Odette: On the question of where to start and resources, there’s a documentary series produced by a PBS called RACE–The Power of an Illusion (here’s an online companion to the series). We’re in a time where these resources are available and accessible, if you’re genuinely interested and realise that you’re not just studying ‘race’, you’re studying yourself. You can watch how your mind is thinking, how you edit yourself, what thoughts are in there, and then get really curious. And if you’re from a positionality which is and has been in an oppressive power relationship, watch how much space you take up in the room; watch when you speak and when to listen actively. As Dianne said, the most helpful thing is that open attitude to having a conversation with others and with yourself.

Dianne: When we started this conversation over a decade ago, and we went to a conference in America, they were all talking about race and teaching race… Coming back to Australia, it was really quiet. Race works differently in the UK to America, then to Australia, and so on –  if you’re going to teach, don’t only look at where you’re sitting, but how race works everywhere and how it works in Australia.

Odette: Yes, we originally discovered the term racial literacy and what is meant by a racial literacy approach in the scholarship of predominantly African American women such as Lani Guinier who we visited in our travels to research racial literacy. Her article ‘From Racial Liberalism to Racial Literacy’ was really influential for us, and also the work of France Winddance Twine and numerous writers and creatives in this field. Their work on racial literacy along with the brilliant scholarship happening here in Australia from Aileen Moreton Robinson, Irene Watson and so many others… Studying these writings along with the artists Dianne mentioned earlier, and developing our thinking through conversations with collaborators and friends like Lilly Brown and yourself, has been fundamental and continually inspiring.

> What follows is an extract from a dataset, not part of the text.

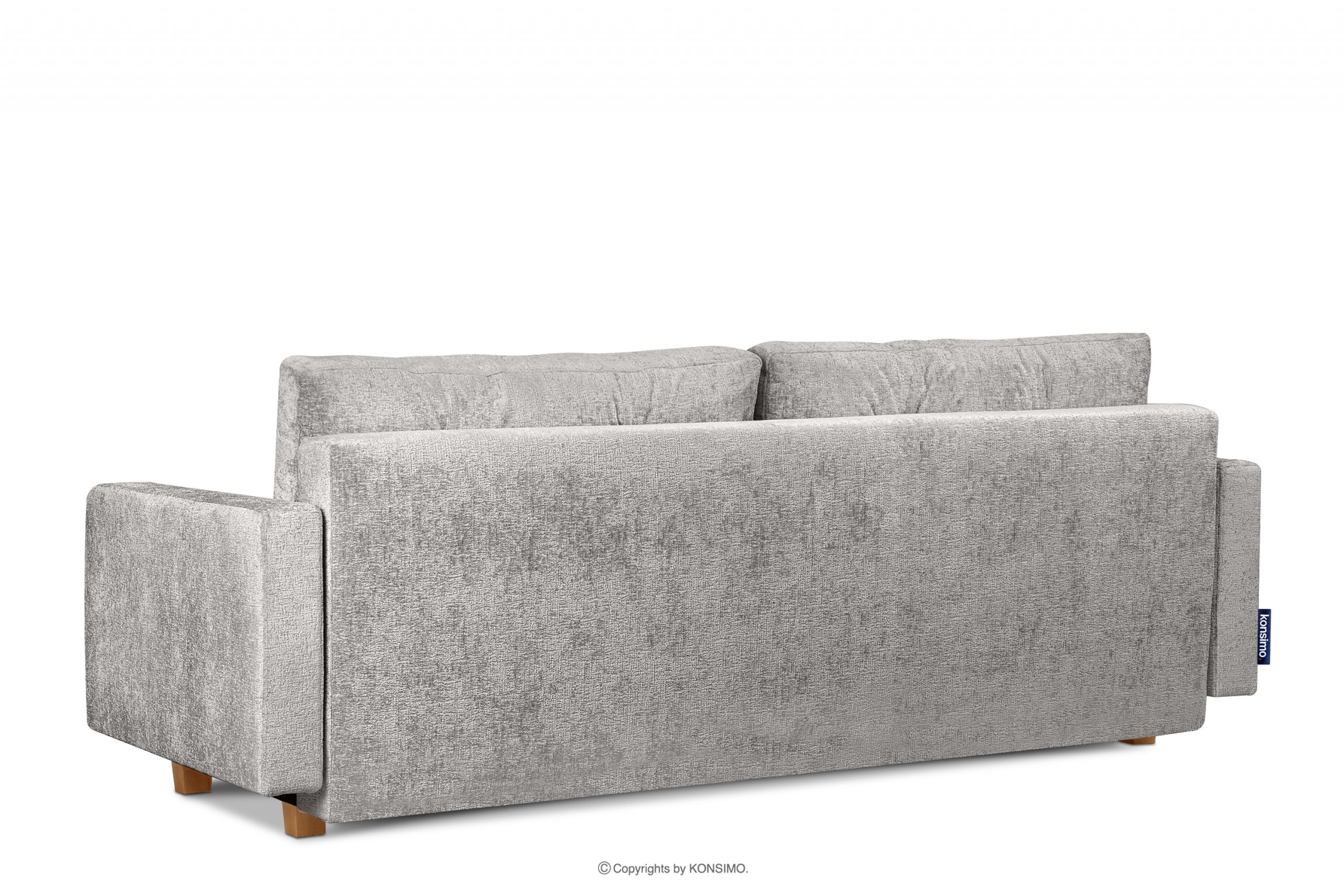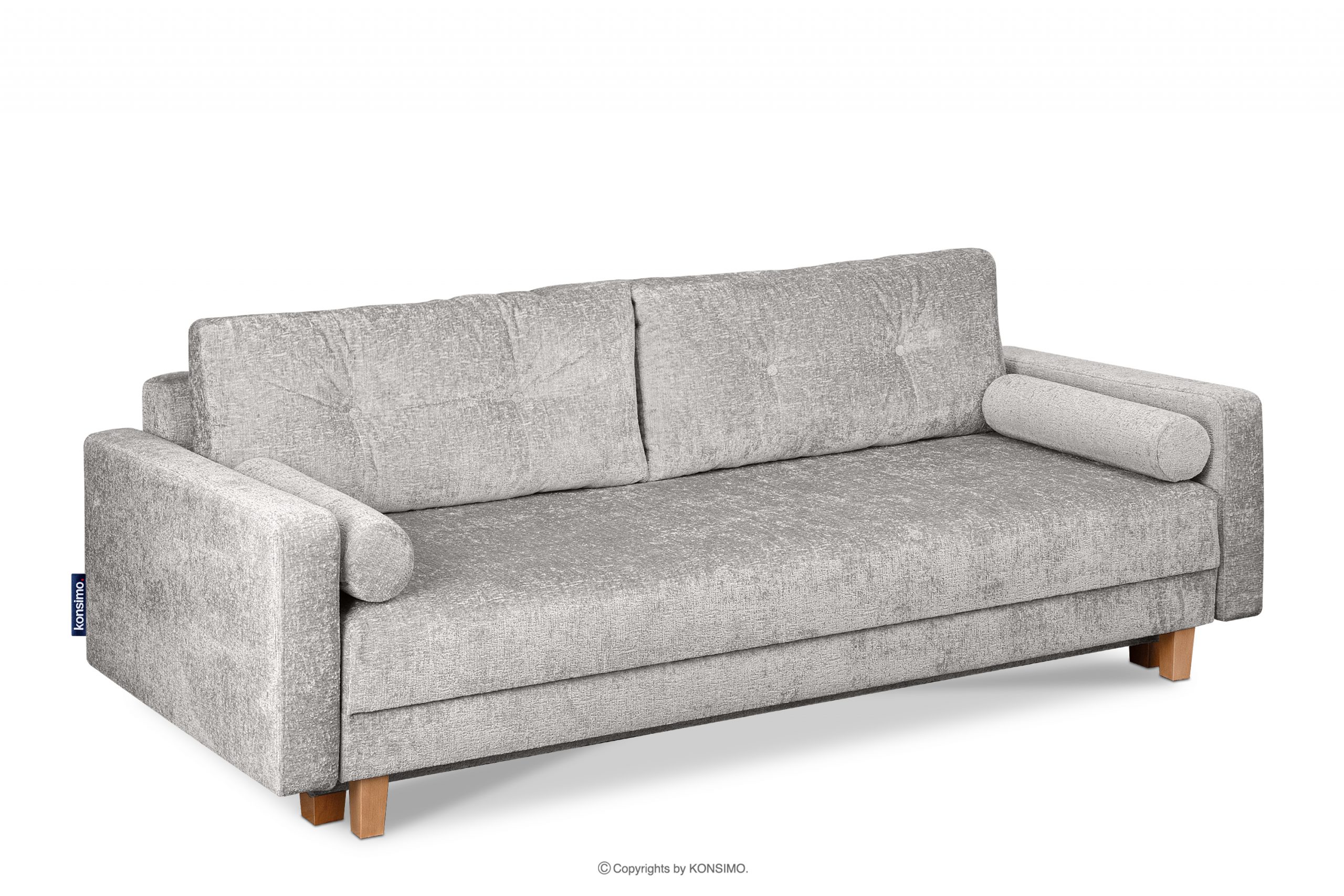 Štýlová pohovka je jedným z najdôležitejších prvkov dobre zariadenej obývačky. Strieborná prešívaná pohovka má funkciu na spanie - výborne sa hodí pre hostí na prenocovanie. Mechanizmus rýchleho a automatického rozkladu naklonením operadla dopredu uľahčuje používanie nábytku. Vnútorný kontajner poskytne potrebný priestor na uloženie posteľnej bielizne. Čalúnenie z kvalitnej tkanej látky pripomínajúcej ženilku sa vyznačuje trvanlivosťou a odolnosťou proti poškodeniu.

We’ve talked about conversation, but to have those conversations in a way that is respectful, but also honest and challenging, takes being in relationship with each other to sit in potentially uncomfortable spaces for long periods of time. That takes also realising that the setup with relationships itself can be influenced by a kind of colonial history depending if there are different positionalities. If you are the one seeking to learn, it is not about extracting something from other people when you want to have these conversations directly – it’s more thinking about ways of approaching these conversations as real genuine connections and building a community of support, reciprocity and learning together.

Gen: That’s the thing – we can only scratch the surface. It’s a whole body of knowledge you’re holding.